Les délestages refont surface à Kaolack, plongeant chaque soir des quartiers entiers dans l’obscurité. Un paradoxe de plus en plus mal vécu dans un pays qui célèbre ses premières gouttes de pétrole.
Depuis plusieurs semaines, les habitants de Médina Baye, Sam, Ndorong, Médina Mbaba, Thioffack, et d’autres quartiers vivent au rythme infernal des coupures d’électricité. Les délestages, qui surviennent presque chaque nuit, durent parfois plusieurs heures, voire jusqu’au matin.
« Chaque soir, on se prépare avec des bougies et des lampes torches. Le frigo est devenu inutile », témoigne Pape Thior, vendeur de poisson, qui dit avoir perdu plusieurs milliers de francs CFA à cause de produits avariés.
La fréquence et la durée des coupures ont brutalement augmenté. Résultat : la vie quotidienne est paralysée, les activités économiques ralentissent et le moral des habitants est au plus bas.
En 2023, le Sénégal a commencé à exploiter son pétrole offshore, annonçant une nouvelle ère d’indépendance énergétique. Mais sur le terrain, les bénéfices tardent à se faire sentir.
« On nous parle d’or noir, mais chez nous, c’est le noir tout court », ironise Abdou Salam Diop, habitant de Médina Baye.
Artisans, commerçants, restaurateurs, tous paient un lourd tribut. Dans les ateliers de couture, les machines restent à l’arrêt. Les vendeurs de glace et les petits restaurants doivent jeter leur stock. Les élèves, eux, peinent à réviser dans le noir, à quelques semaines du Bac et du BFEM.
Dans certains centres de santé, la situation est critique : les vaccins qui exigent une conservation au froid sont menacés. Certains appareils médicaux cessent de fonctionner, mettant en péril la vie des patients les plus fragiles.
L’insécurité nocturne s’aggrave. Sans éclairage public, les agressions et les vols se multiplient.

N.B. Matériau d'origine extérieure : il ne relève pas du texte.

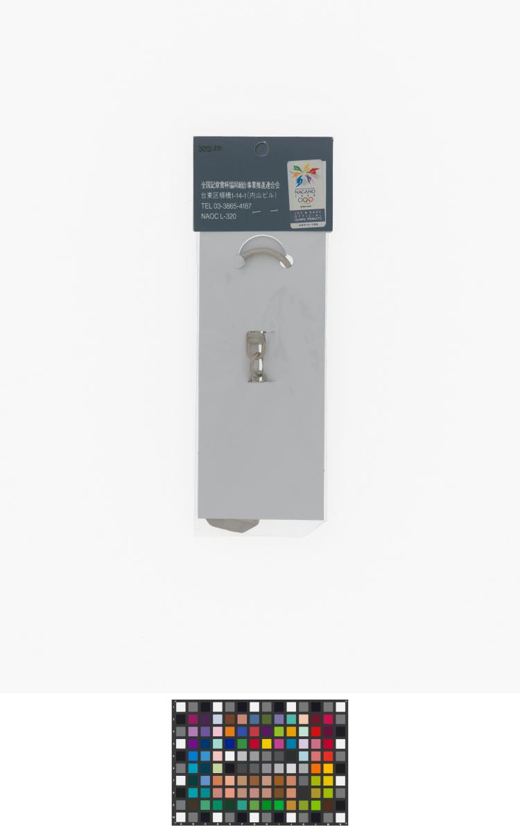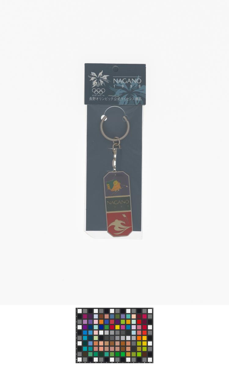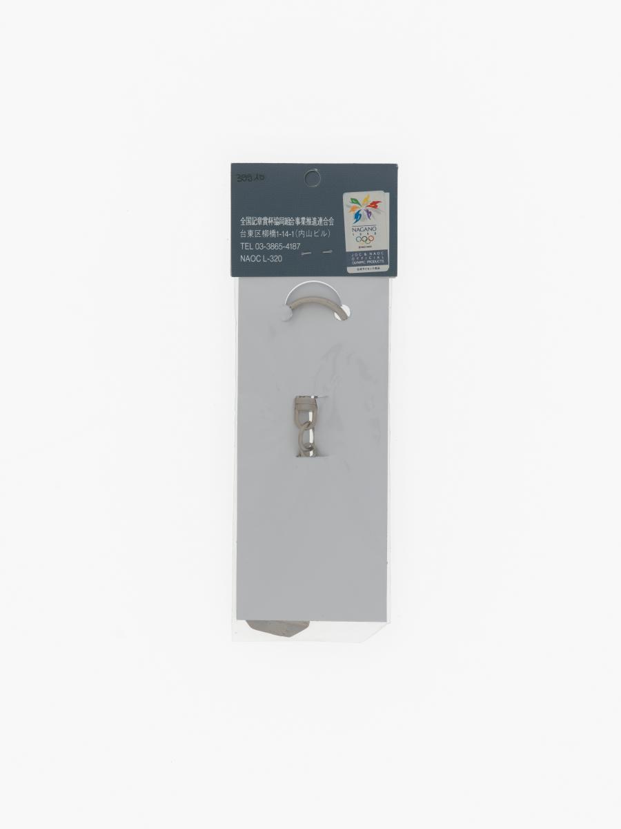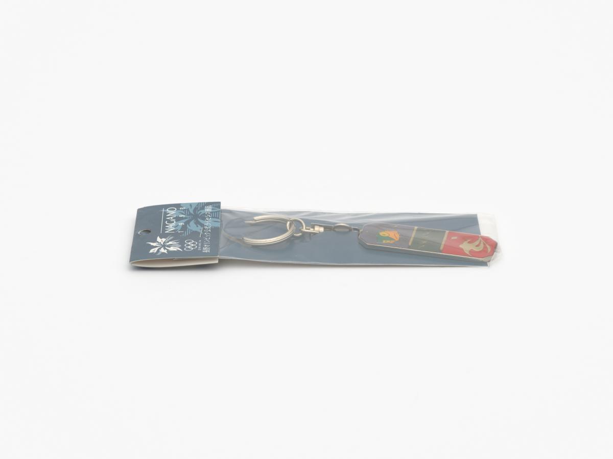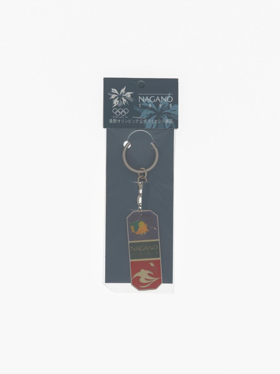 Nagano 1998, key ring with Nokki, one of the Games' mascots, doing slalom and the slalom pictogram.

« Nous avons peur de sortir le soir. Sans lumière, on ne voit rien et les voleurs en profitent », déplore Fanta Diagne, mère de famille.
« On vit dans un pays pétrolier, mais on se croirait au Moyen Âge dès que le courant part », s’indigne Cheikh Fall, élève en classe de 3e.
Le gouvernement promet des améliorations : nouvelles centrales, renforcement du réseau de distribution d’ici 2026. Mais pour les habitants de Kaolack, l’attente devient insupportable.
Dans les rues, la colère gronde. Des voix s’élèvent, des rassemblements spontanés se multiplient. Les populations exigent des solutions immédiates.
Tant que l’accès à une électricité stable et abordable ne sera pas garanti, le rêve pétrolier risque de demeurer un mirage. Et chaque soir, dans les maisons de Kaolack, la flamme de l’espoir vacille… tout comme la lumière.